▶ _YOUR TASK_
Omitting the pictures, print every line below exactly as it stands.
COLLECTED DATA START
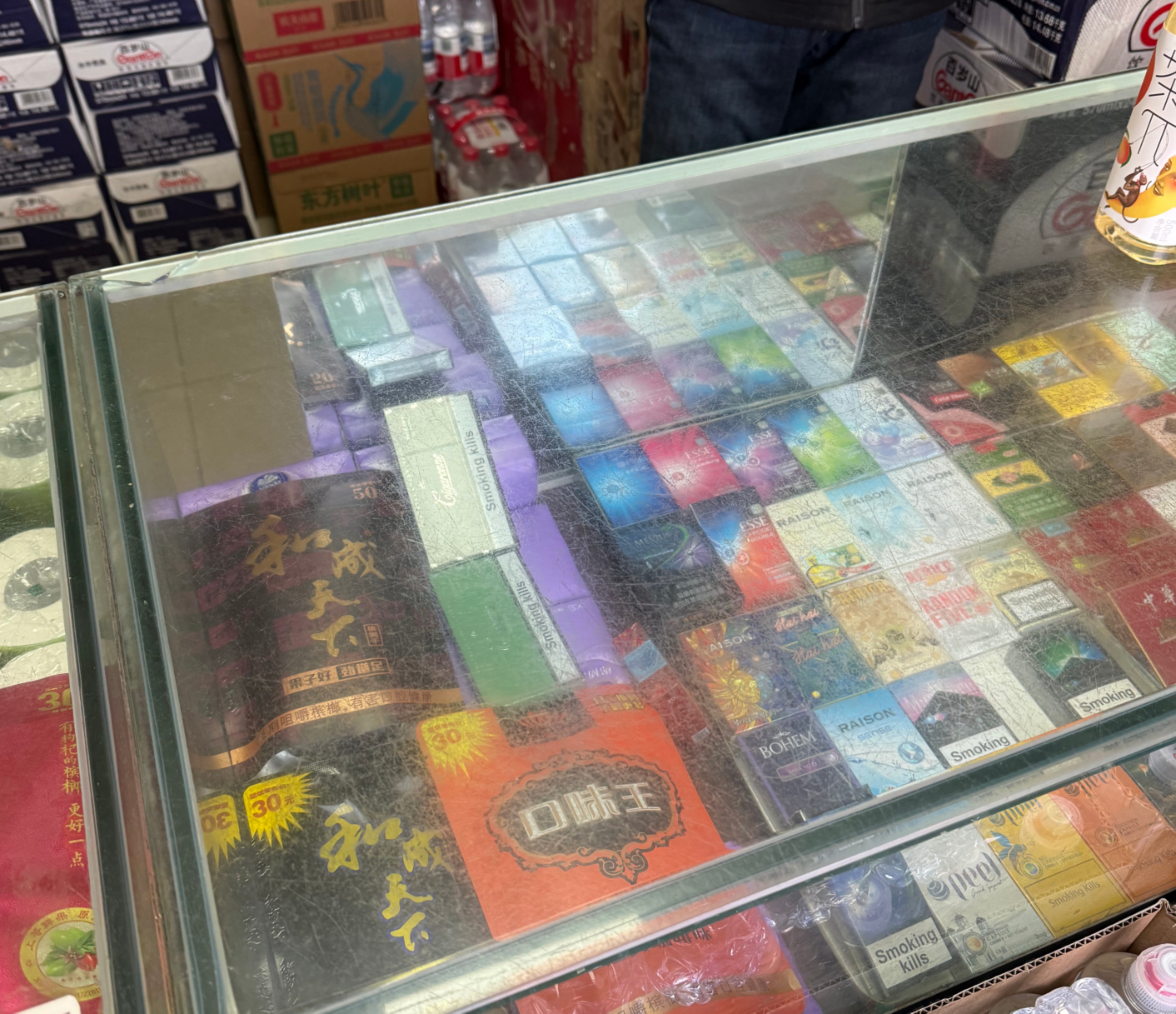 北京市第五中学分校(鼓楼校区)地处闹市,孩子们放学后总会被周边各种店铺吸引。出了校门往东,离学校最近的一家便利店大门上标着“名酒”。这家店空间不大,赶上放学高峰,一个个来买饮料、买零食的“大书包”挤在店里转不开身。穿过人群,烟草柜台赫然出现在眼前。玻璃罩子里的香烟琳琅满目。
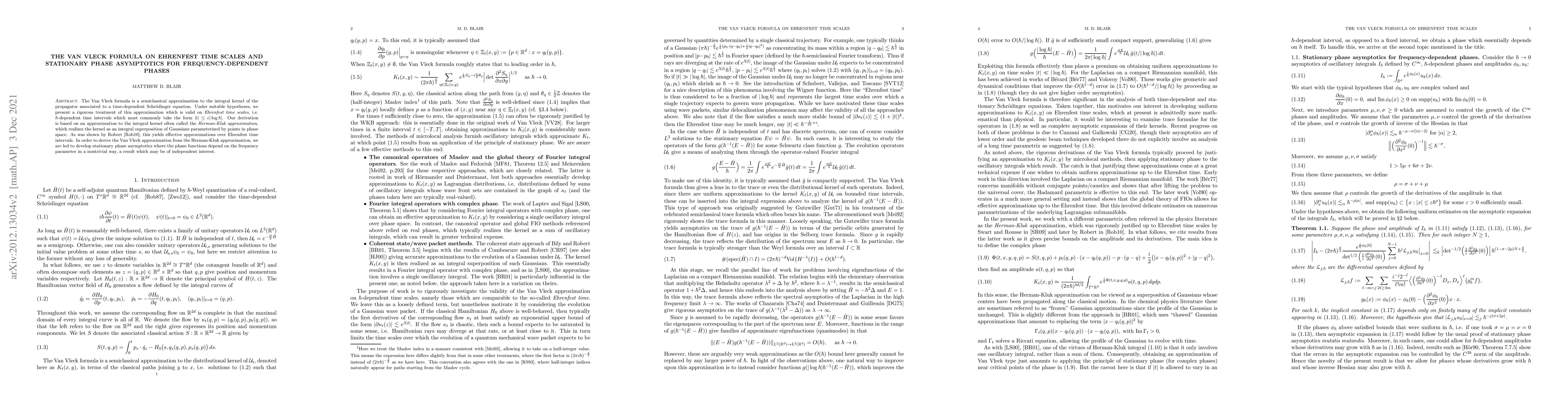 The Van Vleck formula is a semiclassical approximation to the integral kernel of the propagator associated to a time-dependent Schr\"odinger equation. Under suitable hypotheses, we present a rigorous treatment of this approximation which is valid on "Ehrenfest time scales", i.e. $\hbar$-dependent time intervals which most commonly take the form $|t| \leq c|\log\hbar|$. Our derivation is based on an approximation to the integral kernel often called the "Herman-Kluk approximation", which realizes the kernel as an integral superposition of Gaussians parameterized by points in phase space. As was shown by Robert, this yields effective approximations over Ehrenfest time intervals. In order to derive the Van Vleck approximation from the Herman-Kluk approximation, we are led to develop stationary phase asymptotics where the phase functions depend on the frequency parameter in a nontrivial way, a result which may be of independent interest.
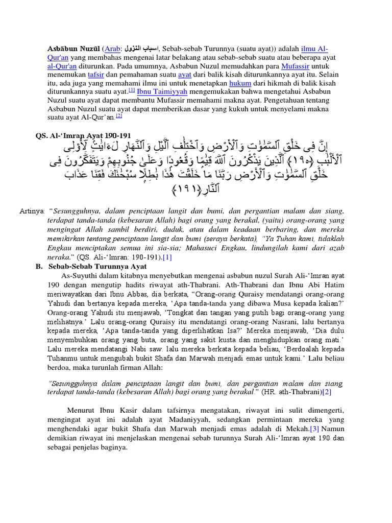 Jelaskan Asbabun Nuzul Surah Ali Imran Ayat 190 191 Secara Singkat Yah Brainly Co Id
COLLECTED DATA END
▶ _EXERCISE ANSWER_
 北京市第五中学分校(鼓楼校区)地处闹市,孩子们放学后总会被周边各种店铺吸引。出了校门往东,离学校最近的一家便利店大门上标着“名酒”。这家店空间不大,赶上放学高峰,一个个来买饮料、买零食的“大书包”挤在店里转不开身。穿过人群,烟草柜台赫然出现在眼前。玻璃罩子里的香烟琳琅满目。
 The Van Vleck formula is a semiclassical approximation to the integral kernel of the propagator associated to a time-dependent Schr\"odinger equation. Under suitable hypotheses, we present a rigorous treatment of this approximation which is valid on "Ehrenfest time scales", i.e. $\hbar$-dependent time intervals which most commonly take the form $|t| \leq c|\log\hbar|$. Our derivation is based on an approximation to the integral kernel often called the "Herman-Kluk approximation", which realizes the kernel as an integral superposition of Gaussians parameterized by points in phase space. As was shown by Robert, this yields effective approximations over Ehrenfest time intervals. In order to derive the Van Vleck approximation from the Herman-Kluk approximation, we are led to develop stationary phase asymptotics where the phase functions depend on the frequency parameter in a nontrivial way, a result which may be of independent interest.
 Jelaskan Asbabun Nuzul Surah Ali Imran Ayat 190 191 Secara Singkat Yah Brainly Co Id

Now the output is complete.